▸ **Supplied records**:
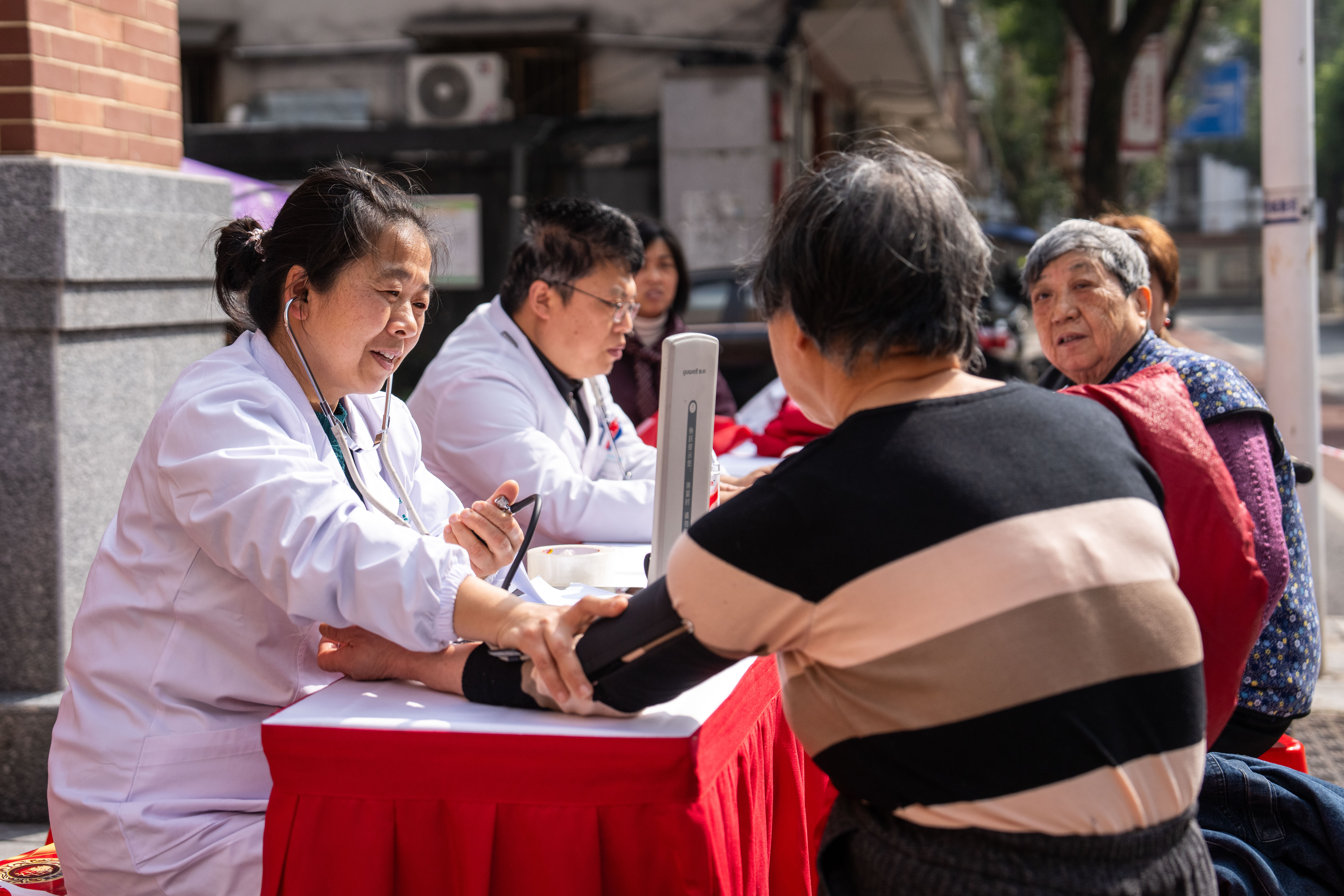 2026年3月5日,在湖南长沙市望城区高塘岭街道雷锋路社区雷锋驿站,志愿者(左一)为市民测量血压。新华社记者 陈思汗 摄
--
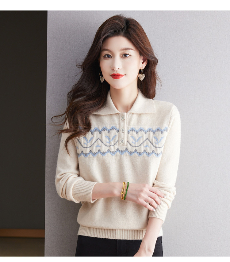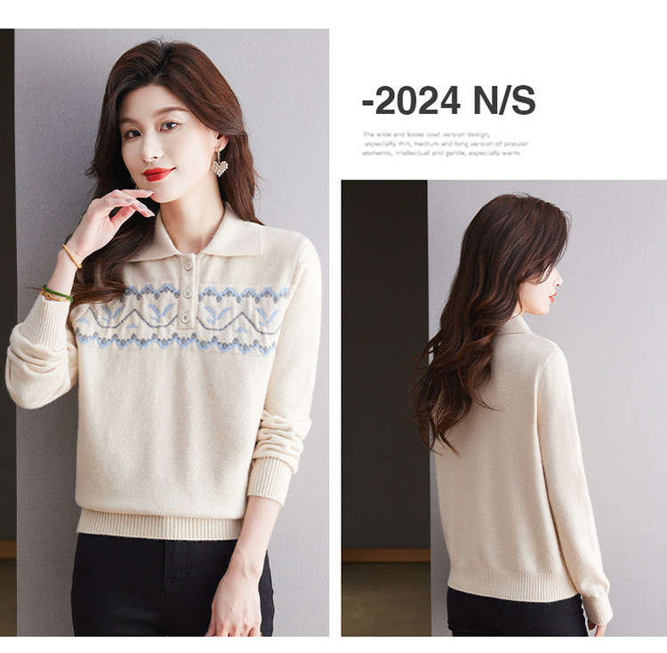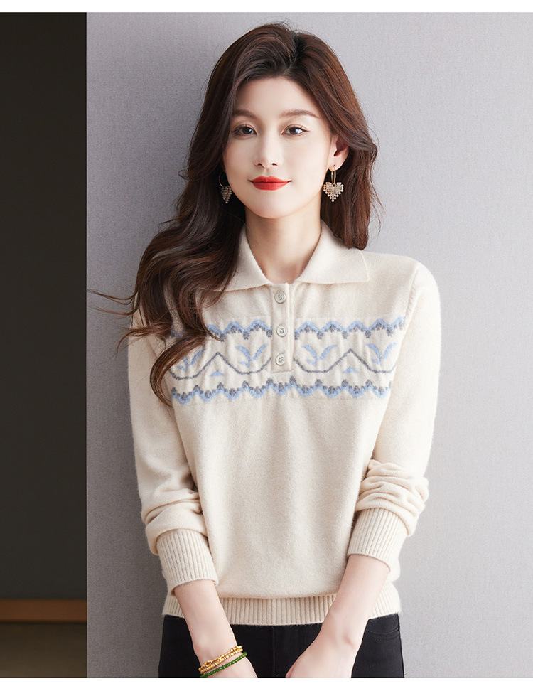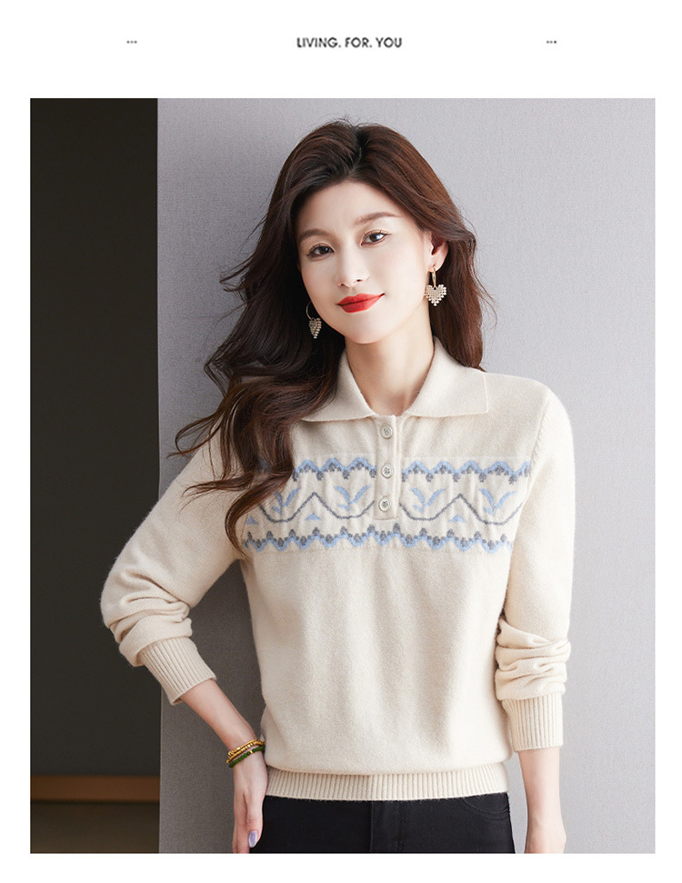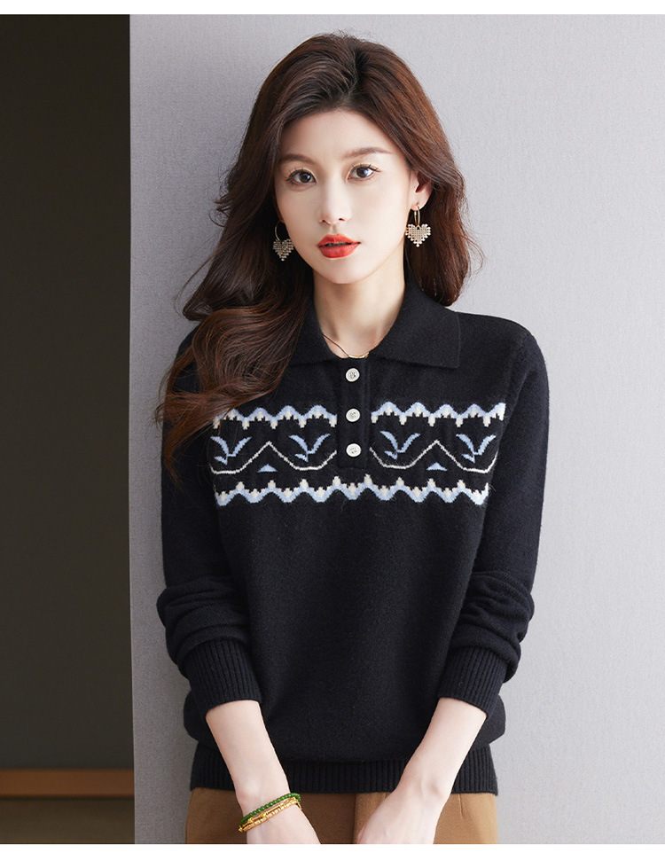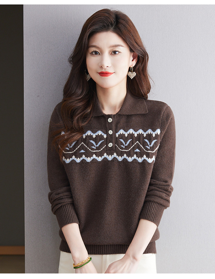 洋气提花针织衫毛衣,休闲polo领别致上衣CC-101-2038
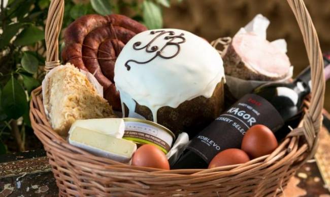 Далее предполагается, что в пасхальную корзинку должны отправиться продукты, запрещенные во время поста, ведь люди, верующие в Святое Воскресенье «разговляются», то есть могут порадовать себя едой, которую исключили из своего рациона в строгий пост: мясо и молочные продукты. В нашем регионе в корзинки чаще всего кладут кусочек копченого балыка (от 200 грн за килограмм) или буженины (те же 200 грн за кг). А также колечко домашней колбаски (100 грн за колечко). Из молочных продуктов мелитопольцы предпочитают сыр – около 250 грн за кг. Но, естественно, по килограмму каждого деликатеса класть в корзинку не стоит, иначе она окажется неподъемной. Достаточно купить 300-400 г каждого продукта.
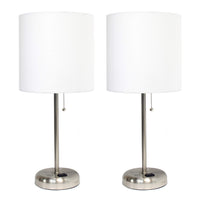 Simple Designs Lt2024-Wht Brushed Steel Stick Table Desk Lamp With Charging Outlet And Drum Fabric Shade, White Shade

▸ **Exercise directions**: What's needed is an exact copy of the records above from the line containing "Далее предполагается, что" down to the line containing "Simple Designs Lt2024-Wht", both included, without any pictures.

▸ **Result of this exercise**:
 Далее предполагается, что в пасхальную корзинку должны отправиться продукты, запрещенные во время поста, ведь люди, верующие в Святое Воскресенье «разговляются», то есть могут порадовать себя едой, которую исключили из своего рациона в строгий пост: мясо и молочные продукты. В нашем регионе в корзинки чаще всего кладут кусочек копченого балыка (от 200 грн за килограмм) или буженины (те же 200 грн за кг). А также колечко домашней колбаски (100 грн за колечко). Из молочных продуктов мелитопольцы предпочитают сыр – около 250 грн за кг. Но, естественно, по килограмму каждого деликатеса класть в корзинку не стоит, иначе она окажется неподъемной. Достаточно купить 300-400 г каждого продукта.
 Simple Designs Lt2024-Wht Brushed Steel Stick Table Desk Lamp With Charging Outlet And Drum Fabric Shade, White Shade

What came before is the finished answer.